There are several types commonly used, these include; newspaper either flat sheets or through recycled pellets. Pellets lower humidity and remove odour but can be accidentally ingested if food is spilled from bowls or when live prey is being fed, while in adults this should be harmless potentially it could cause problems in juveniles.

Sand substrates are naturally stimulating and appealing to the eye, however it may cause dampness if water is spilled and may also be accidentally mixed with food during feeding.

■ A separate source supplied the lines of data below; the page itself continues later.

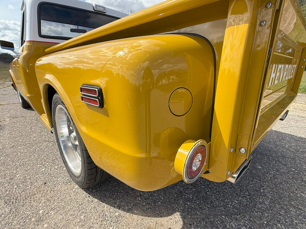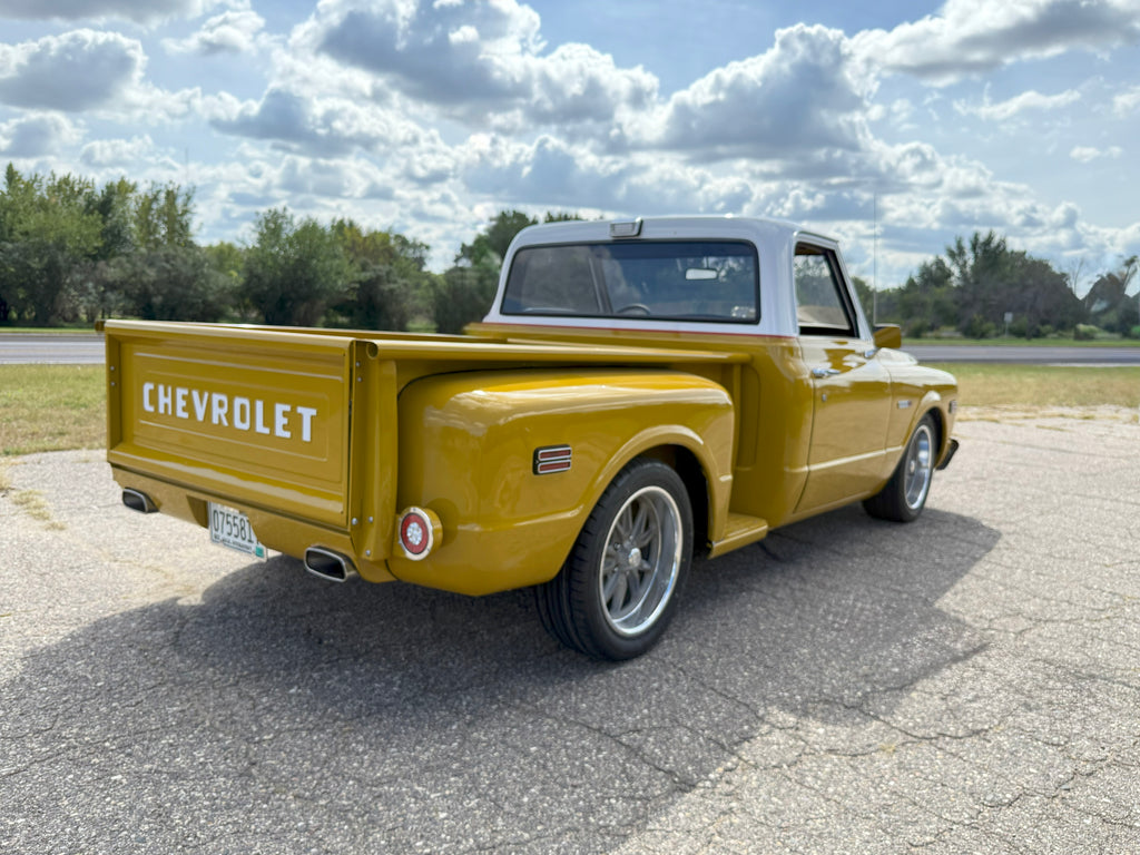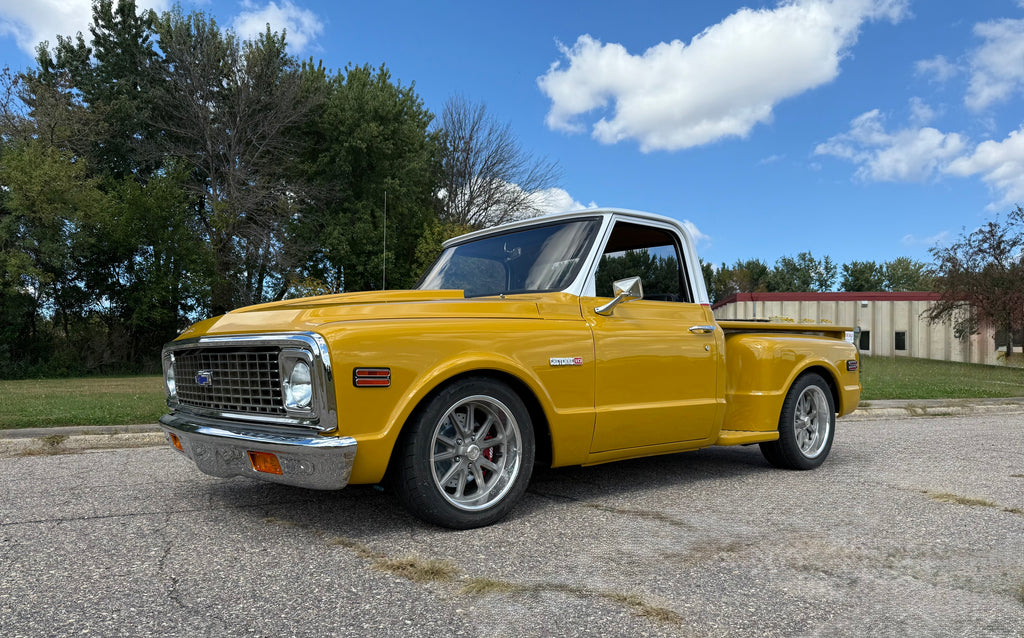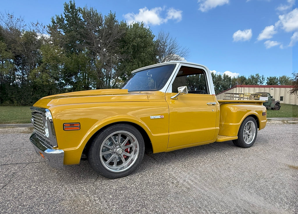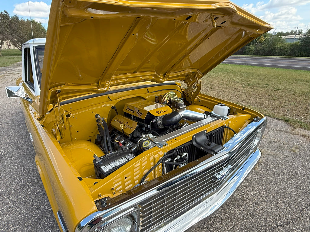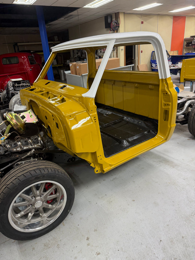 The truck is built with all new cab, box, and body metal, finished in a clean atlas yellow and pearl white two-tone. Subtle details like the stance, wheels, and overall fitment highlight the restomod nature without losing the original C10 character.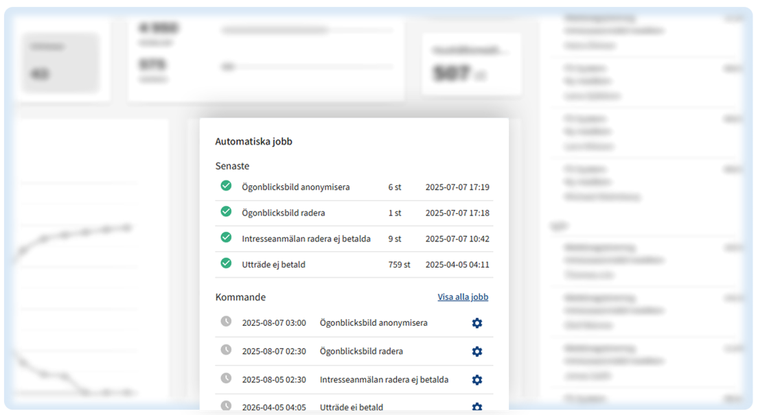 Med systemets automatiska registervård, kontroll av inbetalningar och integrationer mot andra system sparar ni mycket tid på det administrativa arbetet. Dessutom säkerställer du att ni efterlever GDPR och inte lagrar gammal information eller sprider den till obehöriga.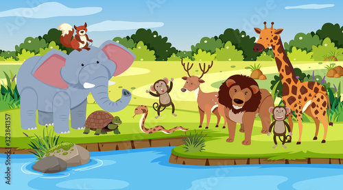 © brgfx, Fototapeta premium Scene with many animals standing by the river

Leaf litter (Banksia spp. Eucalypt spp. and large exotic tree species) is usually a good substrate to use in outside enclosures but is also used indoors especially in cooler months where the lizards like to become dormant in leaf litter. The lizards like to nestle in the leaf litter, if placed in boxes or hides especially.

Furnishings

Typically these lizards need large shelter sites, large cardboard boxes (indoors), replica caves, hollow logs and ceramic pot plants that have been dissected in half work well. Rocks and slabs are useful for lizards to assist with skin shedding but always make sure all large furnishings are stable and very secure.

Water

This area of husbandry is important to these lizards. Especially in animals being kept in coastal areas of eastern Australia. It is better to offer water every two to three days in a shallow water dish. Leave for half a day then remove. If animals are due to slough you can moisten them down or lightly spray with water to assist. This does fly in the face of general rules of ad lib. water provision. But the absence of water does allow for less humidity. Use commonsense here, if there is a wave of hot days switch to water every day in the afternoon.

Diet

These lizards are omnivorous, but their diet is largely plant dominated, especially in adults.  So in captivity this should be reflected. Canned dog food, meat strips, etc. are great but not recommended as a staple diet. Instead chopped roughly 10mm squares (This prevents periodontal disease) vegetables (broccoli, carrots, lettuce, alfalfa), fruit (apples, rockmelon, melon, banana, strawberries, kiwi fruit and pears) the small size helps to prevent periodontal disease. Add to this small amounts of dog food, heart or liver.

Small lizards should be fed very two to three days, adults every three to five days. Lizards can instead be fed every day if you wish but make it small meals.

Supplement their diet with large amounts of flowers; daffodils, dandelions, evening primrose and stems and inflorescences from these plants.